• RECORD SET:
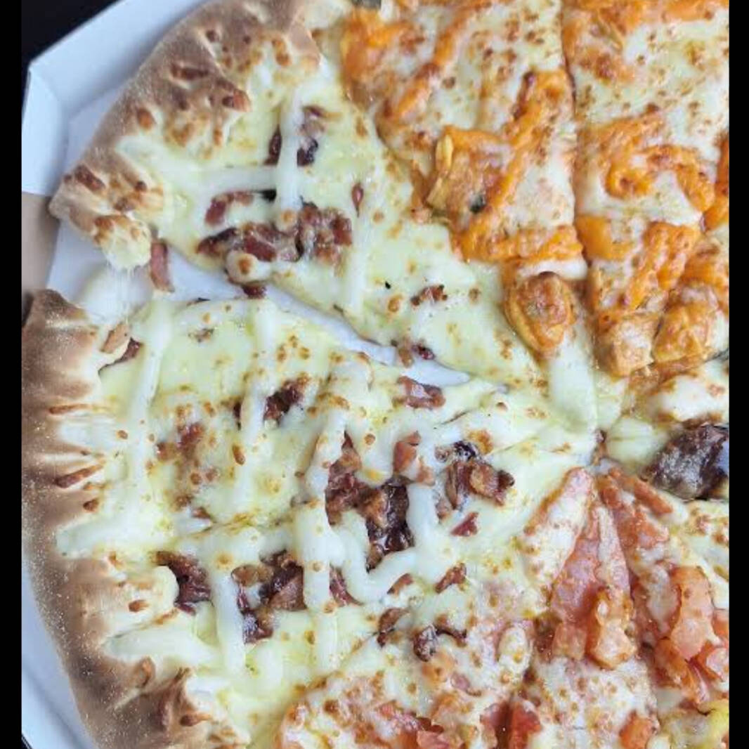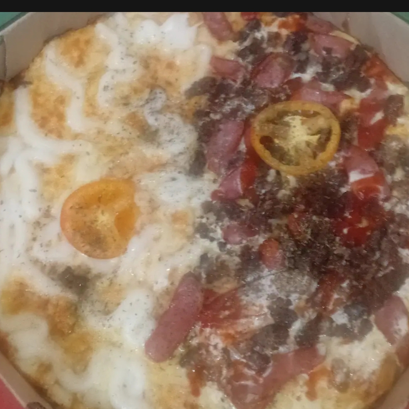 2 mega especial carne ovo calabresa milho ervilha salada e batata palha+. Refri de 1 litro
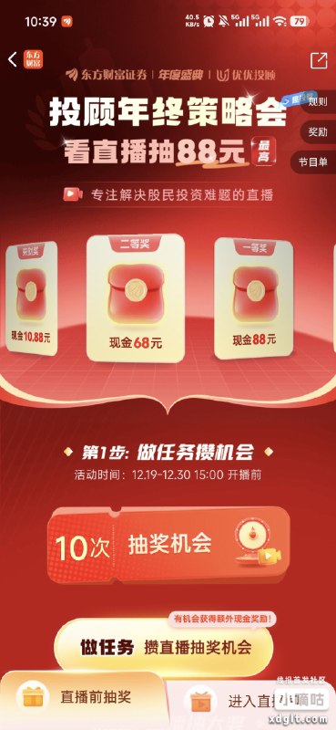 东方财富证券新活动,做任务攒抽奖机会,要等最后开播抽
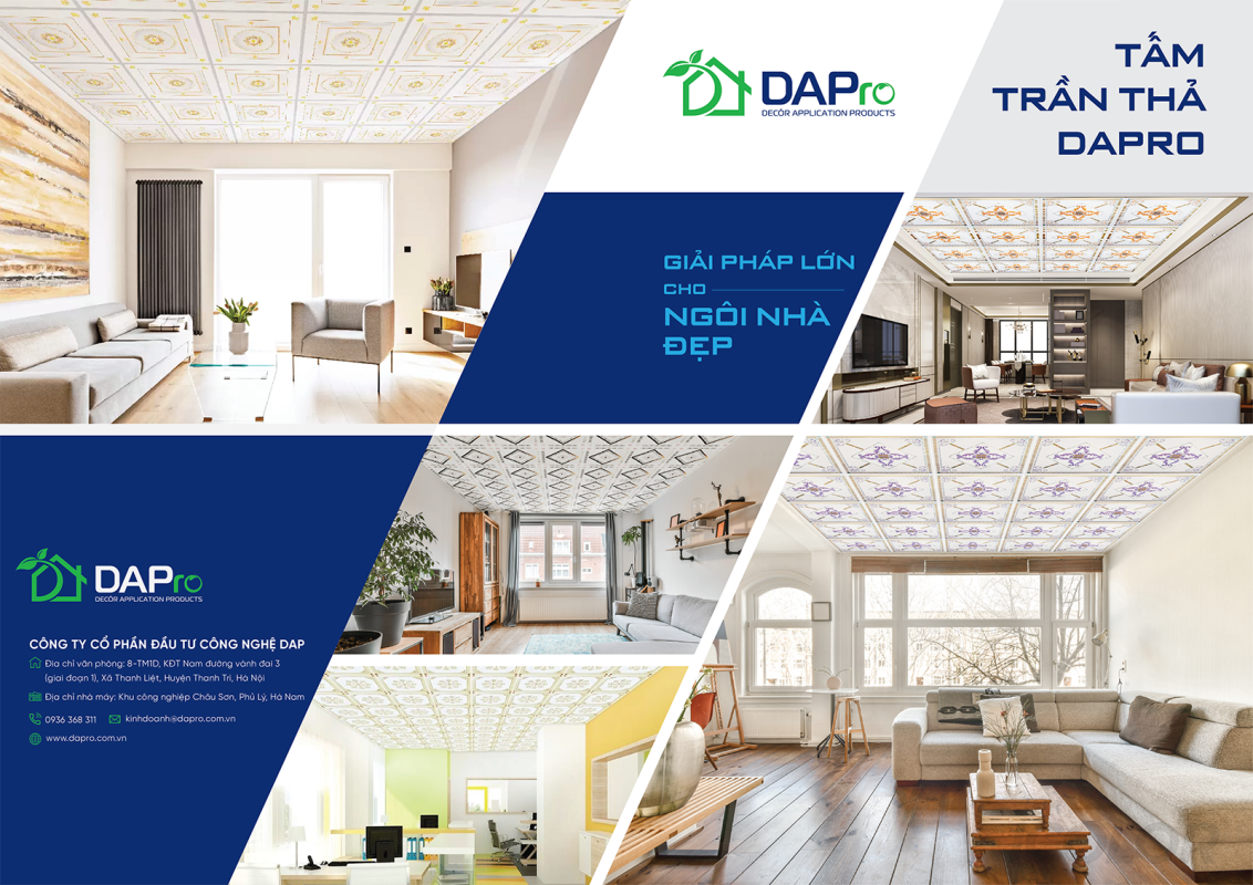Tấm trần thả DAPro là một trong những vật liệu ngày càng được ưa chuộng trong giới tiêu dùng ngành nội thất. Với những tính năng ưu việt như màu sắc đa dạng, bề mặt phẳng, nhẵn, chống thấm nước, chống nóng, nhẹ, tấm trần thả DAPro là giải pháp hiệu quả, thuận tiện cho quá trình gia công đơn giản và kinh tế.
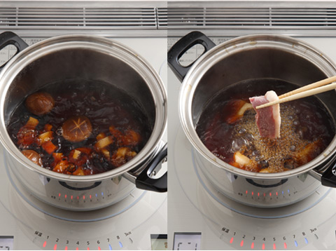 鍋に煮汁を入れ、【火力6】でひと煮立ちさせる。
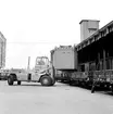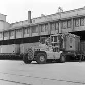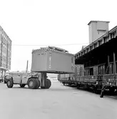 Lastning med containertruck, Svetruck 45120. Containervagn, Statens Järnvägar, SJ Lgjs.
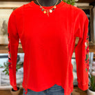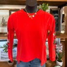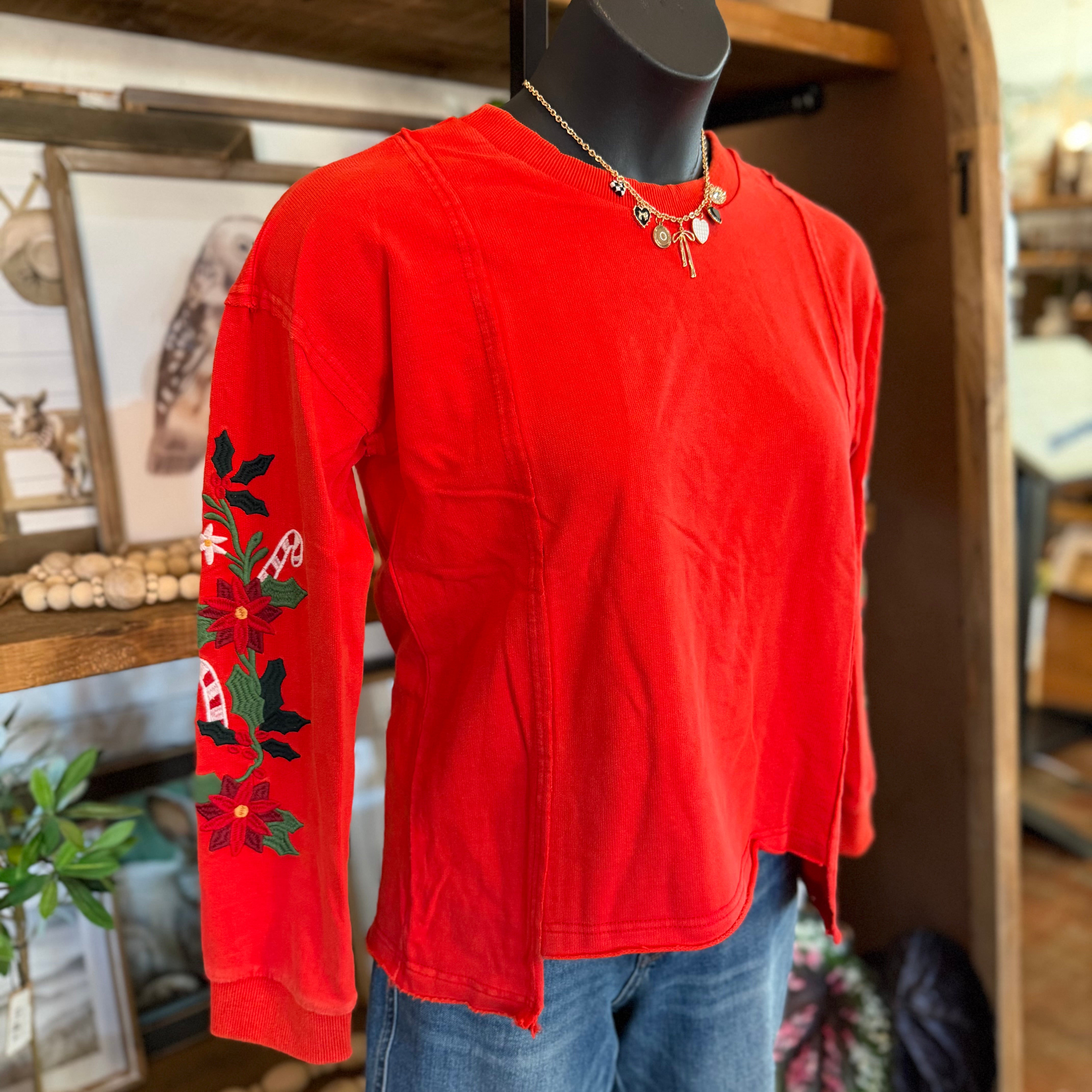 Mistletoe Embroidered Mineral Washed Knit Top | Washed Red
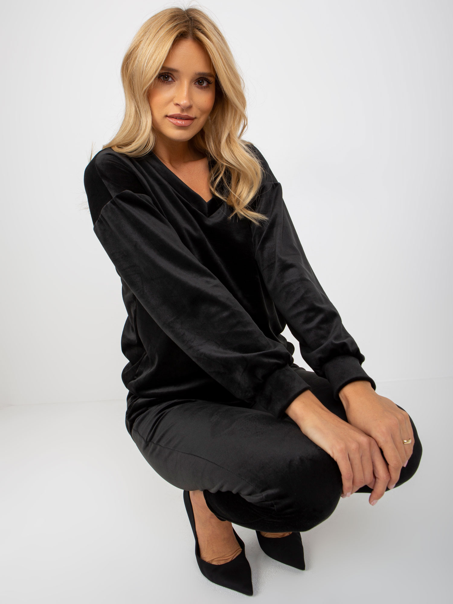 Czarny komplet welurowy z bluzą bez kaptura RUE PARIS .
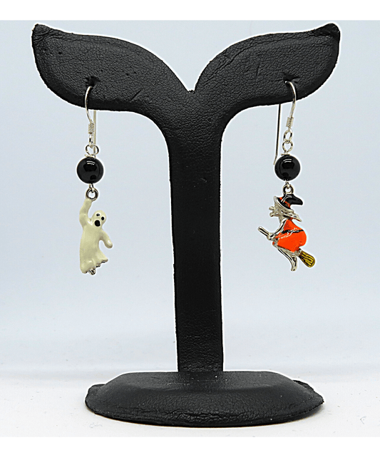 Halloween Witch and Ghost 3-D Hand-enameled with Black Onyx Sterling Silver Earrings
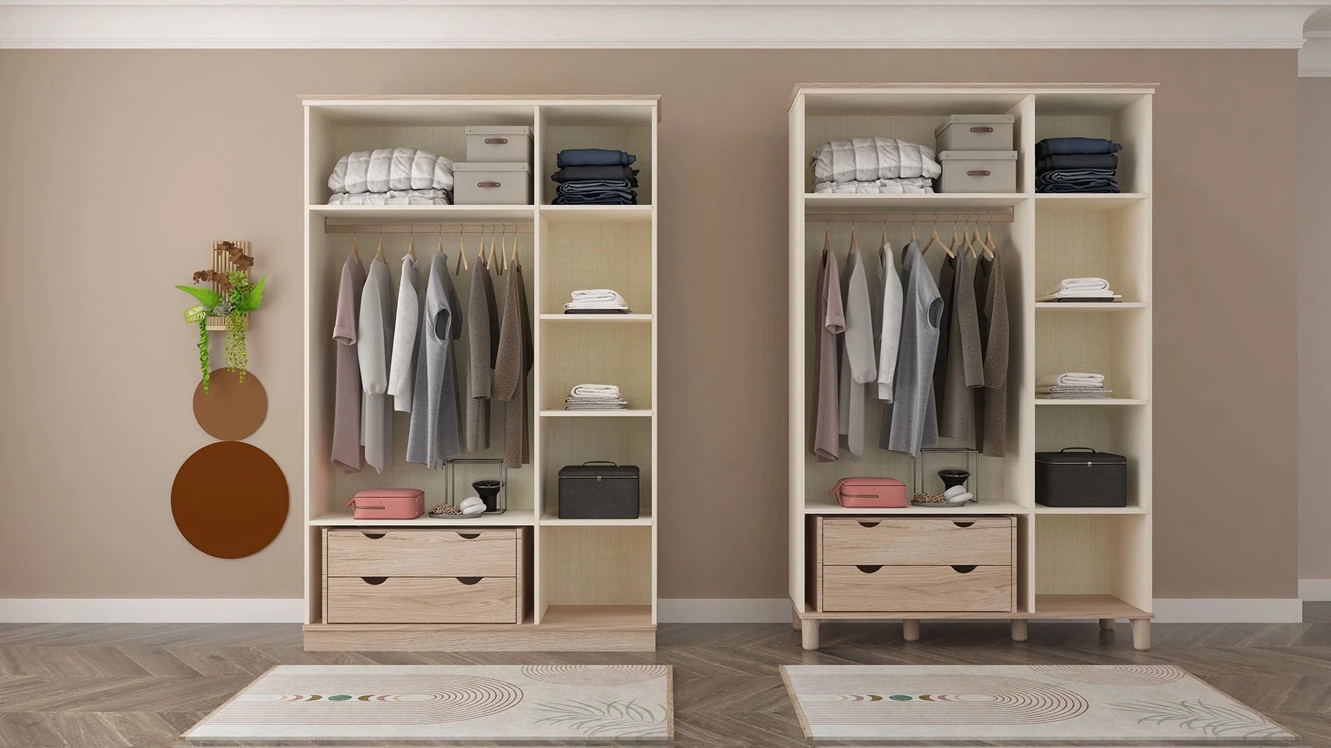 - Vano Destro (Ripiani): Larghezza interna di 42,9 cm, diviso in 5 pratici scomparti (altezze variabili tra 35,2 cm e 39,8 cm) perfetti per magliette, maglioni e accessori.
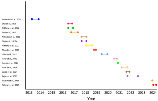 Among the included studies [14,15,16,17,18,19,20,21,22,23,24,25,26,27,28] (Table 1), 40% (n = 6) investigated AMR in food sources with a strong emphasis on poultry products [14,15,16,17,18,19]. Meanwhile, studies focused on live animals were 33.3% (n = 5) [14,21,22,23,24], and the environmental studies were 26.7% (n = 4) [25,26,27,28]. All included studies were cross-sectional in design, with sample sizes ranging from a minimum of 12 to a maximum of 300 [22,28]. The sampling periods across the included studies spanned over a decade, reflecting a wide temporal range in AMR surveillance. Most studies collected samples between 2013 and 2024, with a noticeable concentration during the years 2016 to 2022. The earliest sampling occurred from July 2013 to February 2014, while the most recent was between February and May 2024 (Figure 2 and Table 1).
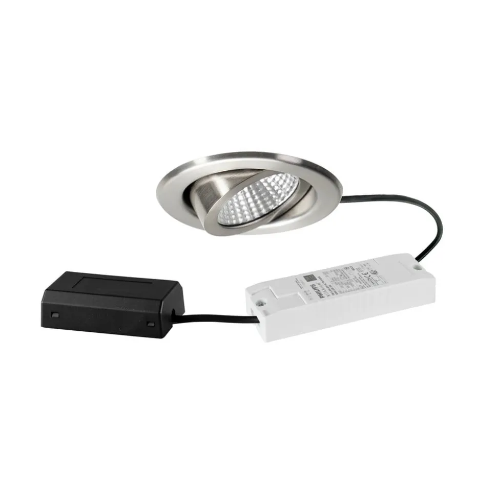 BB09 indbygget LED-downlight med DALI-dæmpbar LED-driver og tilslutningsboks Den runde indbyggede LED-downlight BB09 leveres som et komplet sæt klar til tilslutning med en DALI-dæmpbar LED-driver og en tilslutningsboks. Spotlightet kan drejes 25° for at rette lyset i den ønskede retning. Montering i op til 1,3 cm tykke lofter er værktøjsfri takket være monteringsfjedre – med sølvfarvet reflektor med rotationssymmetrisk, dyb og bredstrålende lysfordeling – afdækning af transparent polykarbonat for optimal lysfordeling – inklusive elektronisk styring, DALI-2-dæmpbar – inklusive tilslutningsboks, 5-polet til gennemfortrådning – ingen afdækning med varmeisolerende materiale

• TASK DESCRIPTION:
In your copy, include no pictures; print every line above exactly.

• FINISHED TASK:
 2 mega especial carne ovo calabresa milho ervilha salada e batata palha+. Refri de 1 litro
 东方财富证券新活动,做任务攒抽奖机会,要等最后开播抽
Tấm trần thả DAPro là một trong những vật liệu ngày càng được ưa chuộng trong giới tiêu dùng ngành nội thất. Với những tính năng ưu việt như màu sắc đa dạng, bề mặt phẳng, nhẵn, chống thấm nước, chống nóng, nhẹ, tấm trần thả DAPro là giải pháp hiệu quả, thuận tiện cho quá trình gia công đơn giản và kinh tế.
 鍋に煮汁を入れ、【火力6】でひと煮立ちさせる。
 Lastning med containertruck, Svetruck 45120. Containervagn, Statens Järnvägar, SJ Lgjs.
 Mistletoe Embroidered Mineral Washed Knit Top | Washed Red
 Czarny komplet welurowy z bluzą bez kaptura RUE PARIS .
 Halloween Witch and Ghost 3-D Hand-enameled with Black Onyx Sterling Silver Earrings
 - Vano Destro (Ripiani): Larghezza interna di 42,9 cm, diviso in 5 pratici scomparti (altezze variabili tra 35,2 cm e 39,8 cm) perfetti per magliette, maglioni e accessori.
 Among the included studies [14,15,16,17,18,19,20,21,22,23,24,25,26,27,28] (Table 1), 40% (n = 6) investigated AMR in food sources with a strong emphasis on poultry products [14,15,16,17,18,19]. Meanwhile, studies focused on live animals were 33.3% (n = 5) [14,21,22,23,24], and the environmental studies were 26.7% (n = 4) [25,26,27,28]. All included studies were cross-sectional in design, with sample sizes ranging from a minimum of 12 to a maximum of 300 [22,28]. The sampling periods across the included studies spanned over a decade, reflecting a wide temporal range in AMR surveillance. Most studies collected samples between 2013 and 2024, with a noticeable concentration during the years 2016 to 2022. The earliest sampling occurred from July 2013 to February 2014, while the most recent was between February and May 2024 (Figure 2 and Table 1).
 BB09 indbygget LED-downlight med DALI-dæmpbar LED-driver og tilslutningsboks Den runde indbyggede LED-downlight BB09 leveres som et komplet sæt klar til tilslutning med en DALI-dæmpbar LED-driver og en tilslutningsboks. Spotlightet kan drejes 25° for at rette lyset i den ønskede retning. Montering i op til 1,3 cm tykke lofter er værktøjsfri takket være monteringsfjedre – med sølvfarvet reflektor med rotationssymmetrisk, dyb og bredstrålende lysfordeling – afdækning af transparent polykarbonat for optimal lysfordeling – inklusive elektronisk styring, DALI-2-dæmpbar – inklusive tilslutningsboks, 5-polet til gennemfortrådning – ingen afdækning med varmeisolerende materiale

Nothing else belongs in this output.